◆ Input data ◆

========================================================================

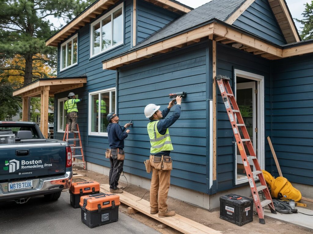 Fiber cement siding (e.g., James Hardie) performs best in Boston’s freeze-thaw cycles, wind, and moisture. It resists rot, pests, and warping.
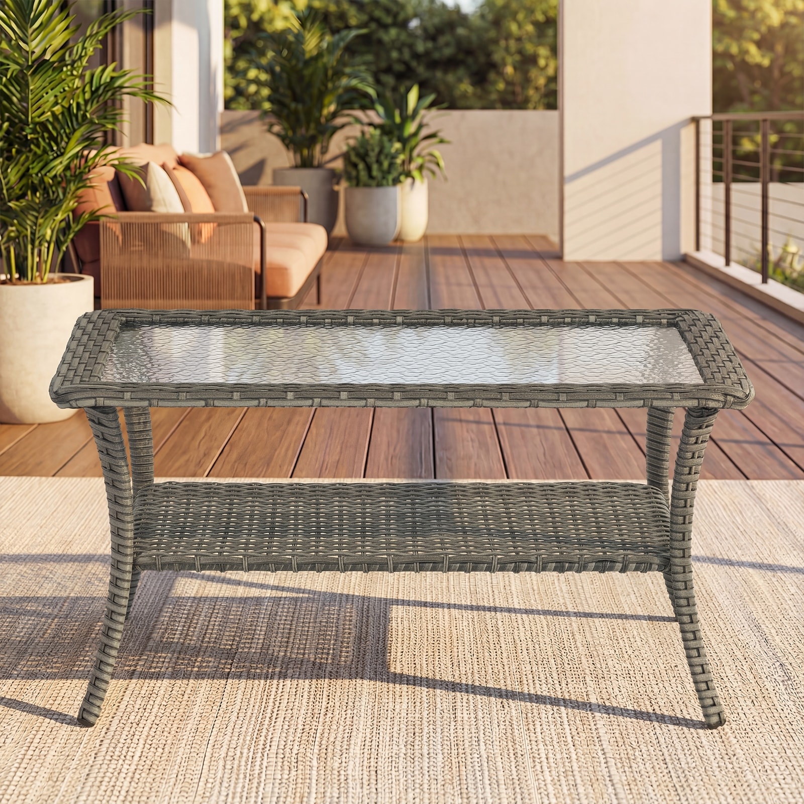 Outdoor Wicker Coffee Table with Storage Shelf
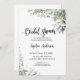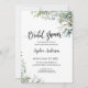 Invitation à la douche nuptiale d'eucalyptus vert. Ce magnifique design présente d'élégants feuilles d'eucalyptus contre un arrière - plan doux et neutre, ce qui en fait le choix idéal pour une douche de mariée à thème botanique. Design avec un bouquet de verdure aquarelle, eucalyptus. c'est la façon parfaite de partager la joie et l'excitation des noces à venir avec la famille et les amis. Commandez les vôtres dès aujourd'hui !
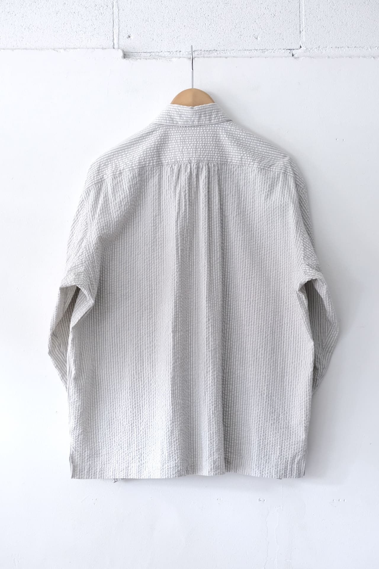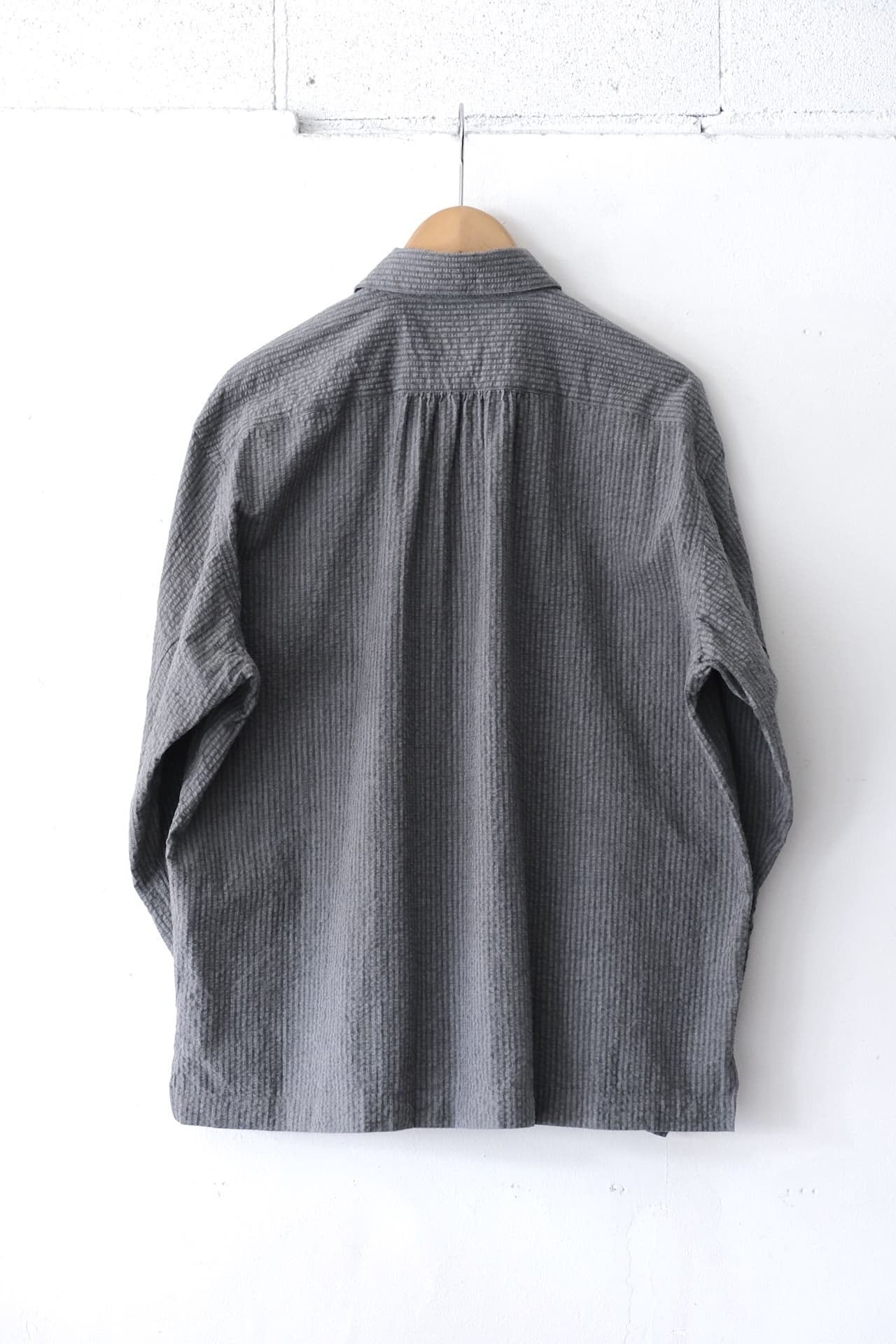 このシャツジャケットは、生地に表情があるシアサッカー素材を使用しています。
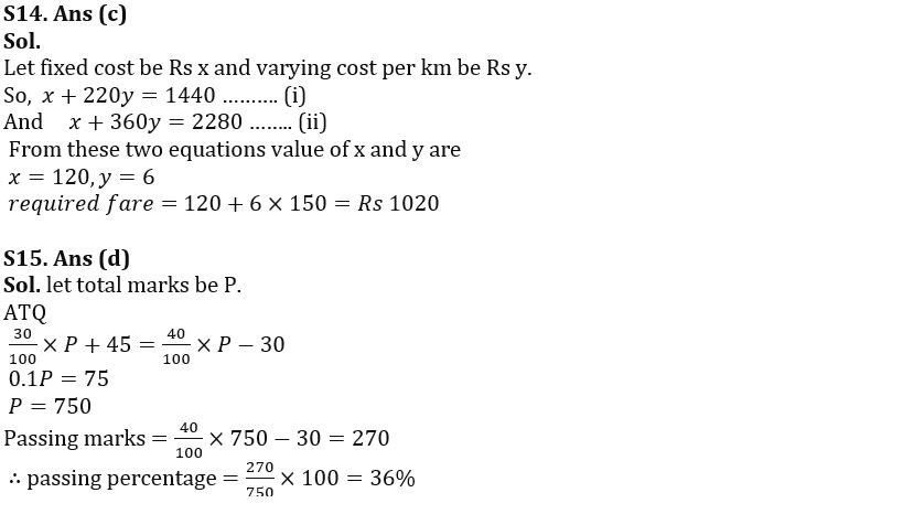 Q14. The taxi fare in a city comprises of fixed charge and variable charge which varies according to the number of kilometers travelled. In a journey of 220 kms, a person is charged Rs. 1440, while for another journey of 360 kms, he is charged Rs. 2280. Then find the fare for a journey of 150 kms.
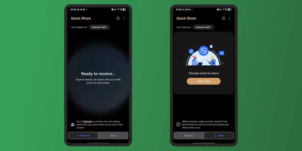 Another big adjustment is the file picker in the sending screen. When you’re looking for someone to send something to, you can simply choose the recent file from the Quick Share app. This is another change that cuts a step or two out of the entire process.
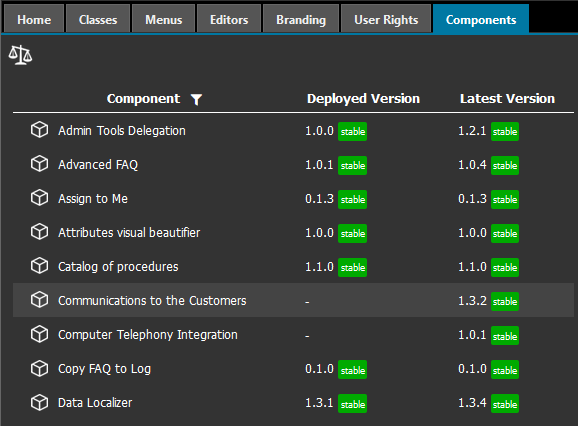 • An obsolete version, generates a warning icon targeted to Component User to highlight the fact that they should upgrade that component.
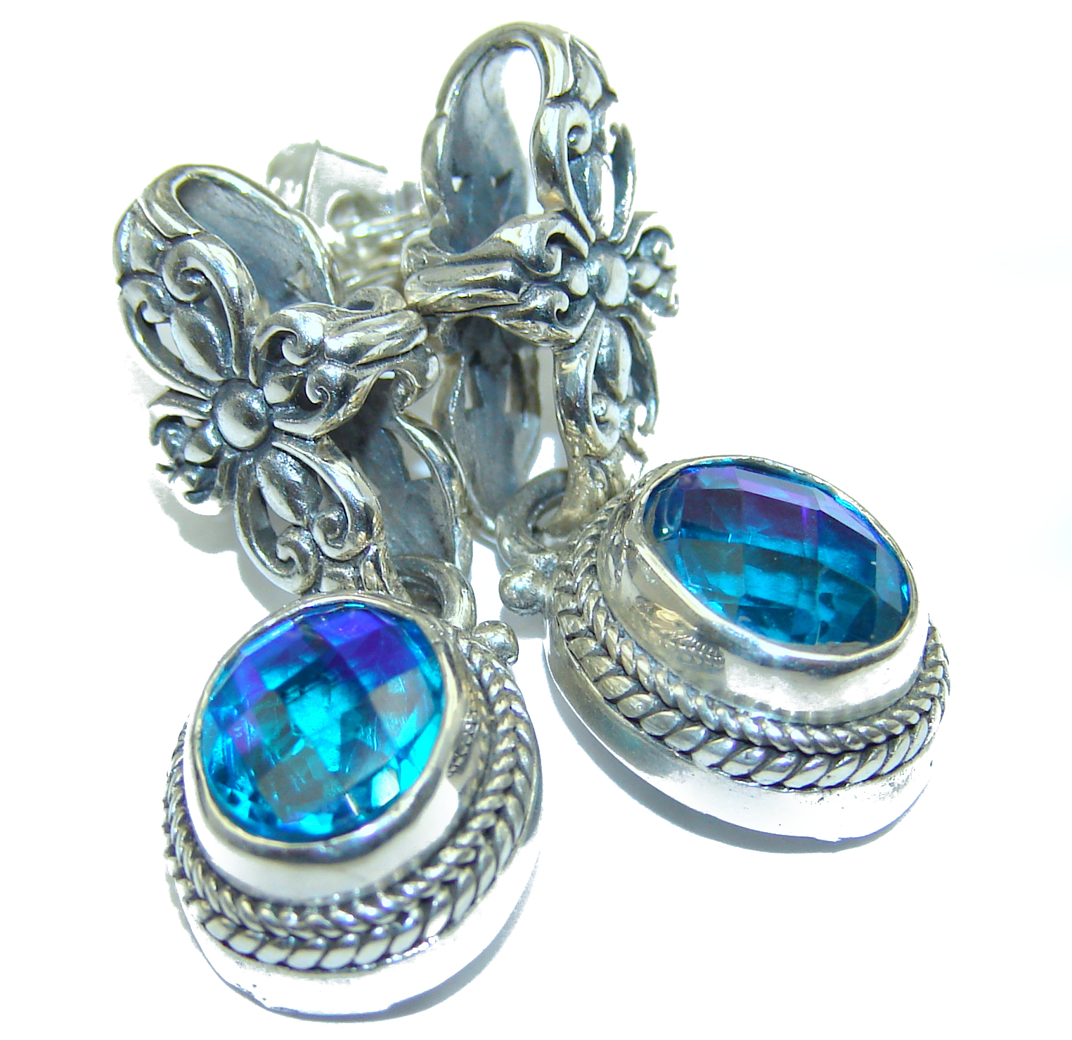 Stunning .925 Sterling Silver Bali handmade earrings

========================================================================

◆ Task statement ◆
Starting from the line that contains "Another big adjustment", transcribe exactly each line down to the final line of the material above, excluding every picture and adding nothing else.

◆ Response area ◆
 Another big adjustment is the file picker in the sending screen. When you’re looking for someone to send something to, you can simply choose the recent file from the Quick Share app. This is another change that cuts a step or two out of the entire process.
 • An obsolete version, generates a warning icon targeted to Component User to highlight the fact that they should upgrade that component.
 Stunning .925 Sterling Silver Bali handmade earrings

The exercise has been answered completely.